Кончились деньги, пора было возвращаться. Чтобы купить билет, пришлось продать Микеше наручные часы и свою импортную рубашку. В поезде соседи по купе недоверчиво косились на загорелого, косматого Игоря в пиджаке, надетом на одну майку. Ему же было безразлично, как его воспринимают, он не отрывался от окна до Бузулукского бора. Должно быть, по традиции поезд опять приветствовал строй сосен длинным гудком. Возвращался Игорь с твёрдым намерением вернуться следующим летом.
Жена встретила его враждебно, с отвращением глядя на его одичалую внешность. Были слёзы и упрёки, и он, понимая её, не обижался, стараясь отмалчиваться. Появилась тёща и в который раз изрекла, что только дуры связывают жизнь с разными там поэтами и художниками. Со временем всё немного уладилось. Игорь пошёл в свою мастерскую в надежде на заказы — семье нужны были деньги. Ионыч поворчал больше для вида: панно в Оренбурге он сделал один, заработок не пришлось делить пополам. Игорь взял заказ на два портрета, получились они у него без живости, лица походили на маски. Ионыч сокрушённо покачал головой:
— Ну, старик, меньше бы бродяжничал!
Руки Игоря словно утратили былую лёгкость. Над тем, что он писал по заказам ради заработка, стояло воспоминание о сиянии красок на клеверном поле, и он тосковал.

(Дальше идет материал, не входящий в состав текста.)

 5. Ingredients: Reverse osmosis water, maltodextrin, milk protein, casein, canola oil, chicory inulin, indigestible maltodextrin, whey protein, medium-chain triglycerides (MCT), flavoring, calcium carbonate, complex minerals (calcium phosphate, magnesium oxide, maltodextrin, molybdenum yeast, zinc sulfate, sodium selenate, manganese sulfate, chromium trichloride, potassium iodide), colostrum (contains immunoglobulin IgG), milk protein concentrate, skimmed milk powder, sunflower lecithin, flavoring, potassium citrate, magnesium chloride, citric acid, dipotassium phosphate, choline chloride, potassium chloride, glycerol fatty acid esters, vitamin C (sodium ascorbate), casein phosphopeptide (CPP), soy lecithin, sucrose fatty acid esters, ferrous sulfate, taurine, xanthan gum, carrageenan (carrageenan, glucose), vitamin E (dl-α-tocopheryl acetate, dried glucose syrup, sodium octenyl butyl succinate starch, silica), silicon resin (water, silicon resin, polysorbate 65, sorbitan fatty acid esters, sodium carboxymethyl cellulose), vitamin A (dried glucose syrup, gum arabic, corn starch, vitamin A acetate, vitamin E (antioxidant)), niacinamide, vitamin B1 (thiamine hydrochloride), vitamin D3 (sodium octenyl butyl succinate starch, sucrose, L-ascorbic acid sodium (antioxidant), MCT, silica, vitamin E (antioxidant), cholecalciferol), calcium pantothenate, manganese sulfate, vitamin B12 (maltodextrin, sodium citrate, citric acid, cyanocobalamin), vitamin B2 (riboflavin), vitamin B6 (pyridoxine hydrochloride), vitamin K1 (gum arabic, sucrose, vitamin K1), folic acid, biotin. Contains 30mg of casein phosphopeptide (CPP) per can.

Наступила поздняя осень с ночной седой изморозью на газонах, колючим реденьким дождём и дружным листопадом. Нескончаемый поток мокрых зонтиков и блестящих от влаги машин торопился утром по улицам, втаптывая в грязь опавшие листья. Игорь же вставал поздно, нехотя шёл в мастерскую, заранее ненавидя предстоящую работу. Часто он, не сумев пересилить себя, отказывался от заказа, жена упрекала в лености, и, чтобы не слушать упрёков, приходилось долго в одиночестве бродить по улицам или сидеть вечер в кафе, если было немного денег. Стало тяготить и общение с друзьями-художниками, неустанно спорящими о смысле искусства, — это казалось ему бессмысленным и скучным. Иногда он шёл к реке. Осенью берег был безлюден, на песке только лежали перевёрнутые лодки да хлопали на ветру рваные тенты на пляжных «грибках». Игорь подолгу смотрел на текучие серые воды, это успокаивало, и думал о скорой длинной зиме, отдаляющей возвращение в Оренбуржье.

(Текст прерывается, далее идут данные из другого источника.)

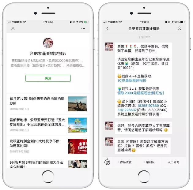(广告外层示意) 尤其是在今年十一假期的热点推广中,广告主更是以“素人生活照”搭配精美客片作为广告外层有没有个人小程序做的好的,采用上下排列的六宫格轮播形式,3张精美样片+3张生活照,以甜蜜的恋爱氛围为核心,融合温馨、自然的艺术风格,广告外层图的相应调整增加视觉活力,更让用户感同身受,增加代入感,广告点击率高达5%。 沉浸式落地页引导用户关注 公众号运营构建流量“蓄水池” 用户在选择婚纱摄影类产品时,消费决策周期相对较长,如何在此期间保证用户的留存和活营销渠道策划方案跃度,加快决策转化,是索菲亚婚纱摄影需要解决的重要问题。 “我们希望将索菲亚打造成安徽婚纱摄影品牌的第一名,所以,在广告推广中不仅期待有充分的品牌曝光,更希望沉淀属于我们的忠实用户。”运营总监表示。 因此,索菲亚的广告落地页采用文字+图片的混排形式,打造沉浸式体验,当目标受众在朋友圈看到索菲亚的广告投放时,点击外层6宫格,可直接抵达原生落地页,增加用户的触达量,提高用户体验感。

В один из осенних дней он побродил по городу, вышел к реке, сел на перевёрнутую лодку и закурил. За спиной у него взвизгнула тормозами машина, хлопнула дверка и проскрипели по песку приближающиеся шаги. Досадуя, что уединение нарушено, Игорь не обернулся, а человек сел рядом на лодку, пощёлкал вхолостую зажигалкой и весело сказал:
— Керосин кончился!
Игорь молча протянул незнакомцу коробок спичек, встретившись с ним взглядом. Глубокие синие глаза пристально и доброжелательно смотрели из-под полуопущенных век, взгляд словно излучал ощутимую теплоту.